We do the same thing, with a simple label system ("Follow Up", "Request for Feature X", "Request for Feature Y") to give us a little more overview visibility.
I'd certainly recommend this approach, especially if your workflow is well defined (we answer, then archive - Follow Up and start a ticket in Lighthouse if it needs to fixed. Unread == unanswered).
Have looked at ZenDesk and Tender, but we feel like they force people to jump through too many hoops in order to ask a question. For a logged-in user, it should really just be a "what do you want to ask us?" field, and for a logged out user just email/question. In my humble opinion, of course. ;)
That's something we definitely need to market better in Tender then or talk with user about. I hope that's not the under understand most people have. One of our main focuses was to allow for anonymous submissions of issues and implement a straight forward email option so people do not have to register for accounts. Implementing a Single Sign On system was our very first priority to avoid all need when coming from another web applications, so you can go straight to the form and ask what you need to without any hassle.

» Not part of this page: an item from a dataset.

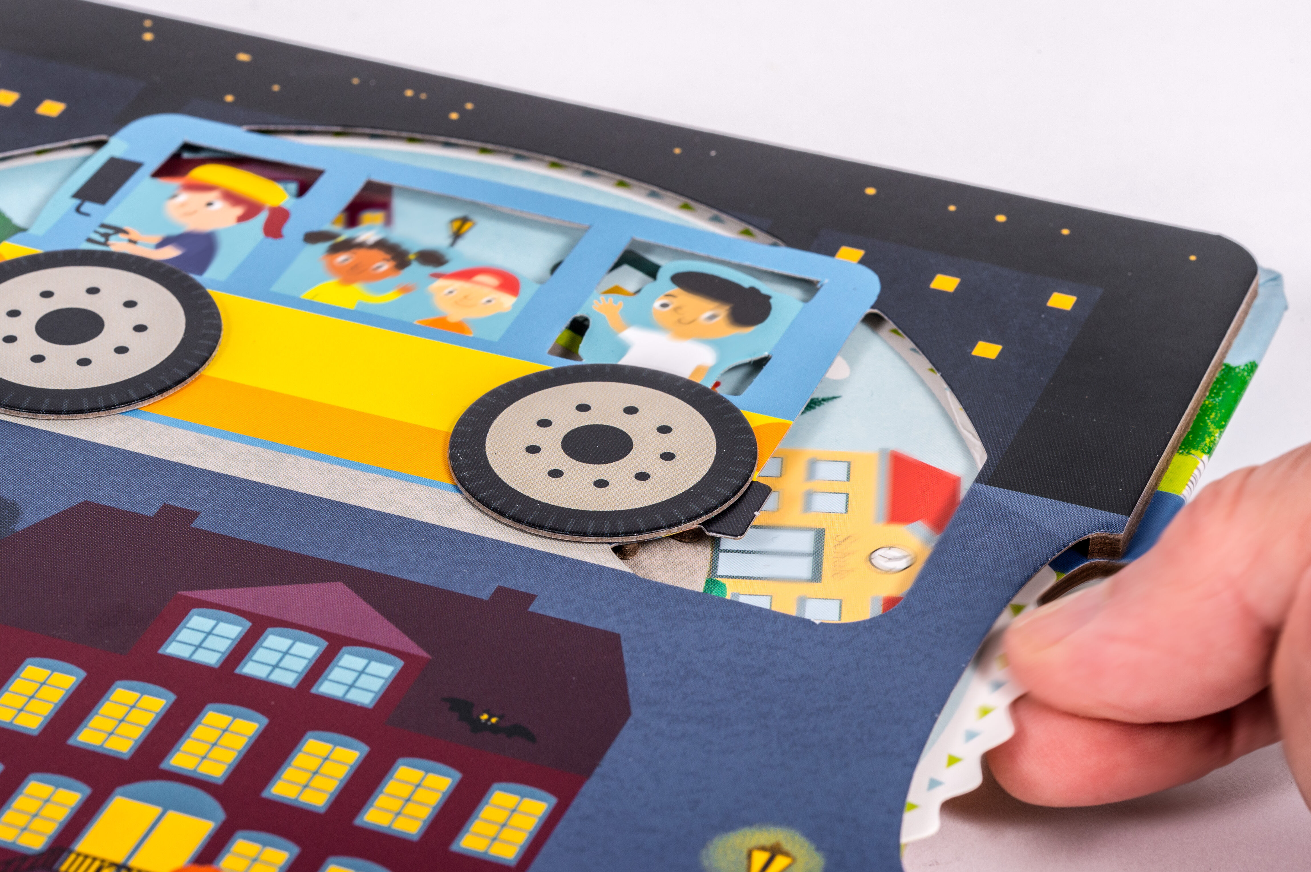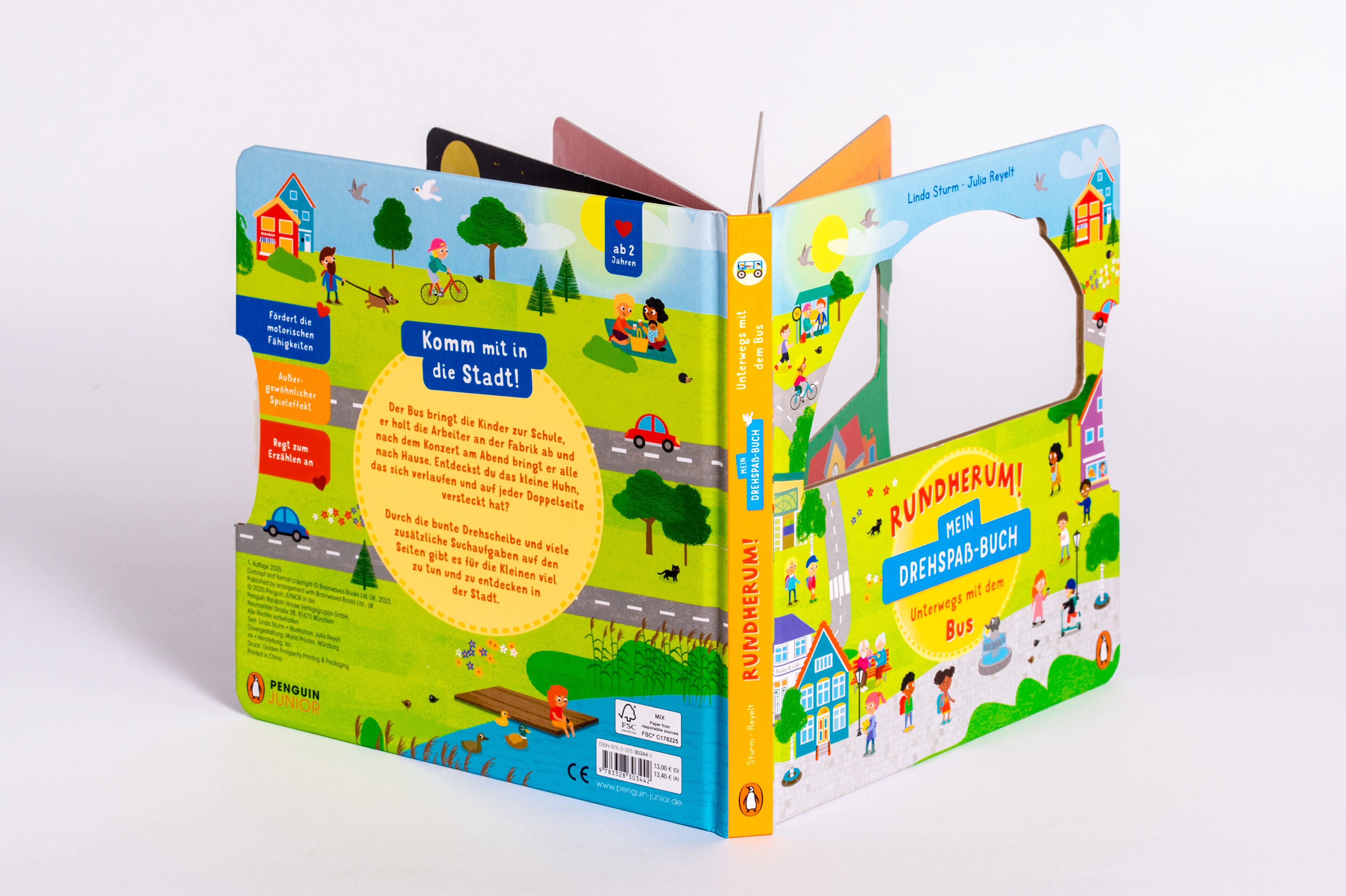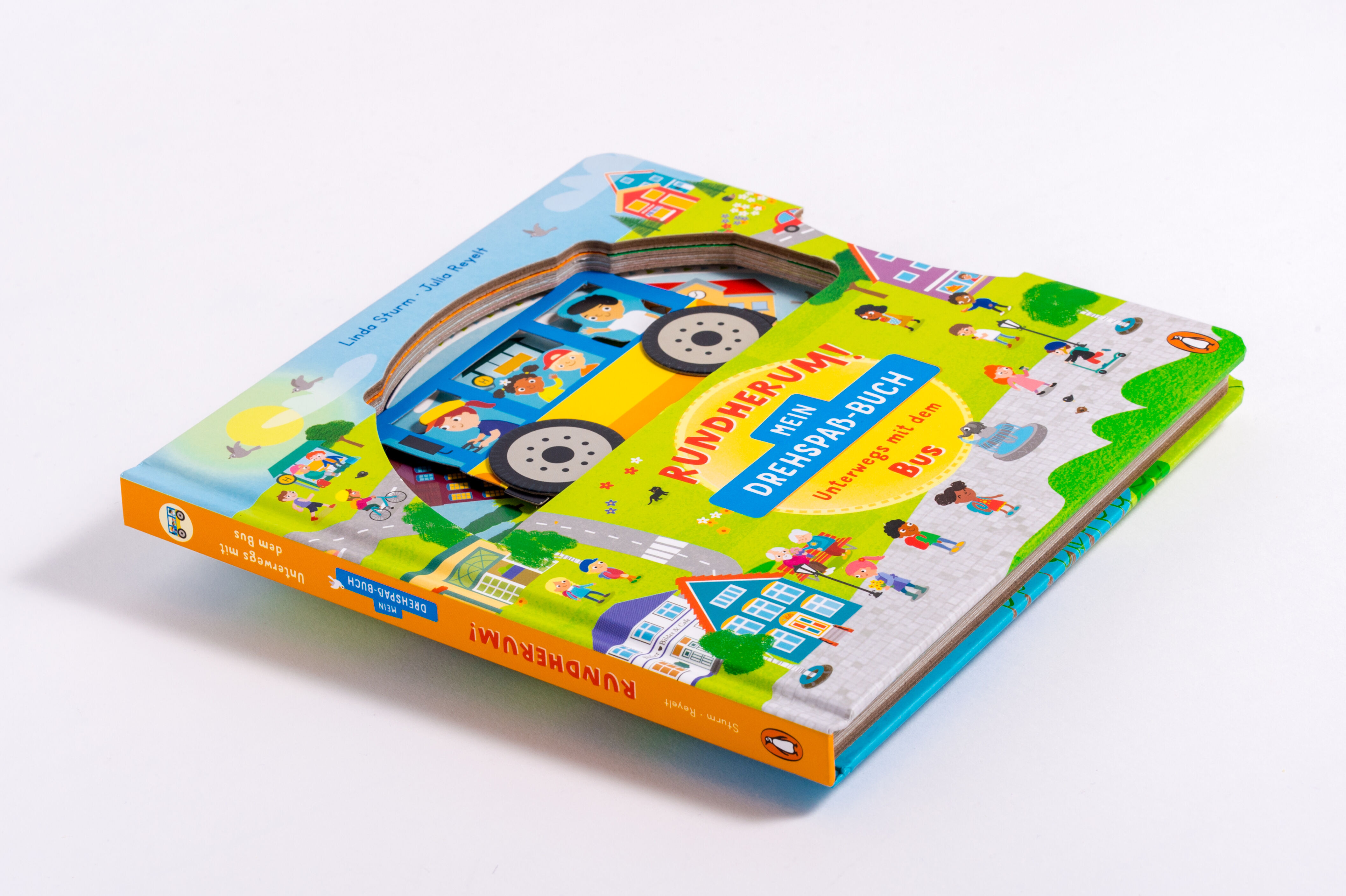 Rundherum! Mein Drehspaß-Buch - Unterwegs mit dem Bus Komm mit in die Stadt! Der Bus bringt die Kinder zur Schule, er holt die Arbeiter an der Fabrik ab und nach dem Konzert am Abend bringt er alle nach Hause. Durch die bunte Drehscheibe und viele Suchaufgaben...

This is what we use - haven't found a need to go with anything else. I've heard of some people using this up to large volumes of email, but I guess it could become a problem once you get to multiple support people working at the same time (as opposed to multiple working shifts) just because you could both start writing an email at the same time. But until you reach that point this solution works great.
I don’t think Marco is really making a point here. He’s just sharing what he’s been thinking about. But I don’t think he is saying that a “hot” interface is neccessarily good or bad.